Fortune ultimately favors the Outlaws when they receive a substantial reward, which they unhesitatingly donate to the school fund to guarantee their social status.

=== Fireworks Strictly Prohibited ===
William and the Outlaws reach new pinnacles of amorality as, faced with a parental ban on the purchase of fireworks, they dupe the sister of a retired Colonel Masters into assisting them in the theft of her brother's fireworks. Although the Outlaws do not get to benefit directly from the theft, they find a transcendent reward in witnessing their parents brought low while hypocritically engaging in a spontaneous party with the fireworks, which they have in turn appropriated from the boys.

=== The Outlaws Fetch the Holly ===
The Outlaws commit wilful trespass, and William is mistaken for a visitor from space by a perhaps senile professor. William tries to avoid the trespass being exposed by conspiring with the professor's illness. Concurrent with these events is the story of the boys' failure to carry through on a commitment to support the local church by collecting decorative holly.

=== The Sentimental Widow ===
It is a story of an adult man's greed and emotional exploitation of a generous woman. William shows an instinctive attachment to a code of honor to repay favors and presence of mind in exposing a cynical Lothario.
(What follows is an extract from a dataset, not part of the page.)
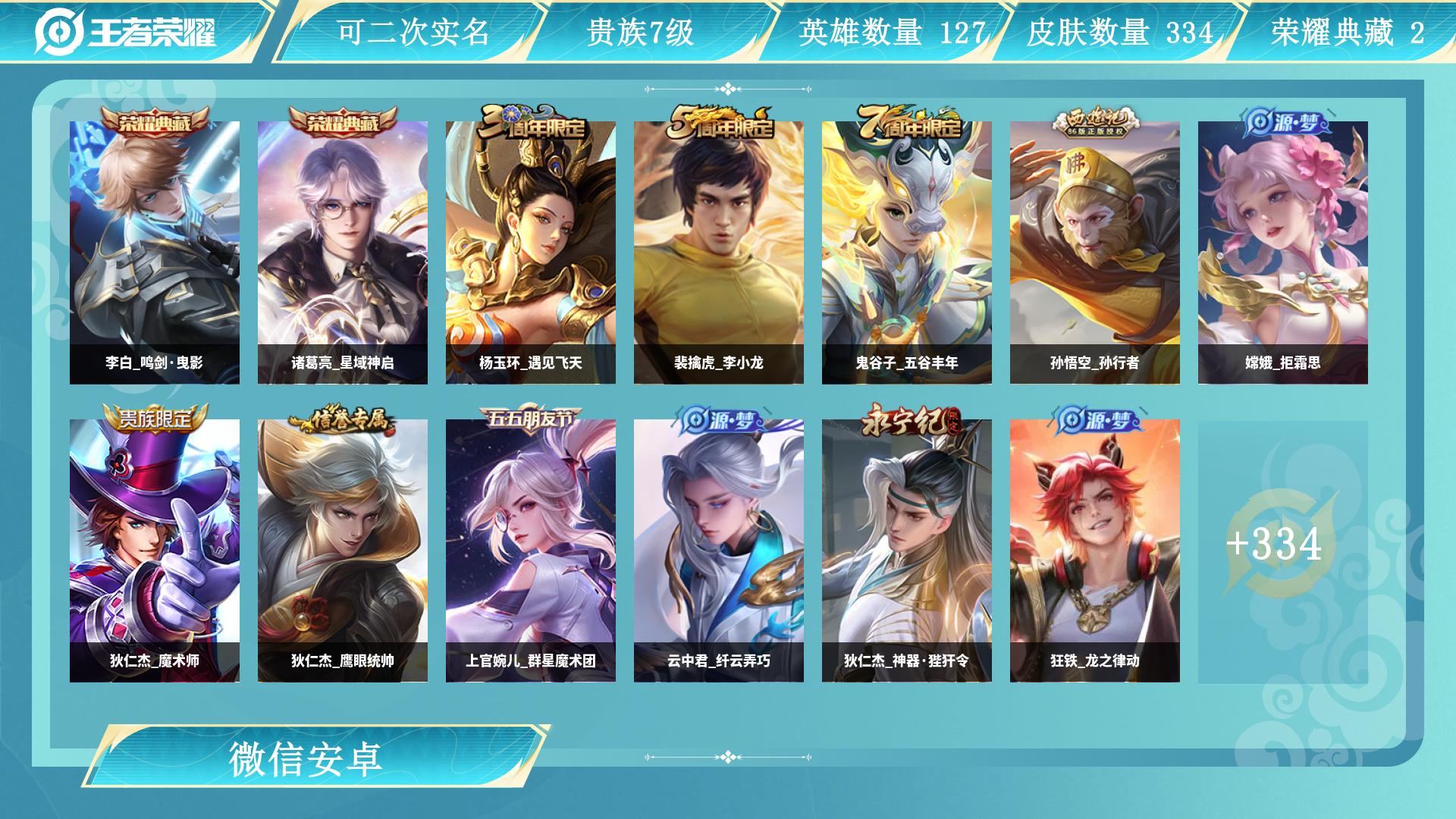 安卓微信-1典藏-15传说-357皮肤-127英雄-传奇王者-背包还有一颗荣耀水晶

William is rewarded with a return to the status quo and the consumption of a "cookie boy."

=== William and the Prize Pig ===
In part a tale of the exploitation of animals in which William and the Outlaws feed cinders and sawdust to an overweight pig that is confined and overfed to win prizes at shows. William successfully rides the beast and, in so doing, gives the pig its first experience of freedom and activity.

To avoid retribution by the farmer, the Outlaw's set out to expose him as a former criminal and break into his home to steal a teapot, which, in fairness, they believe they are returning to its previous owner.

While carrying out a second burglary, William disturbs another, more serious burglar and locks him in an upstairs room (providing literary symmetry with the first tale in this collection).

William's emotionally detached father, who doesn't participate in his child's life, other than to exert erratic and ineffectual behavioral correction, feels obliged to honor what he regards as an ill-judged promise to take William to a pantomime in town when he would far rather be playing golf. William has also learned to be emotionally detached from his family and welcomes the event only for the purpose of receiving five shillings from an aunt that they will visit on the same day. He and the Outlaws have a communist philosophy and hold all pocket money in common.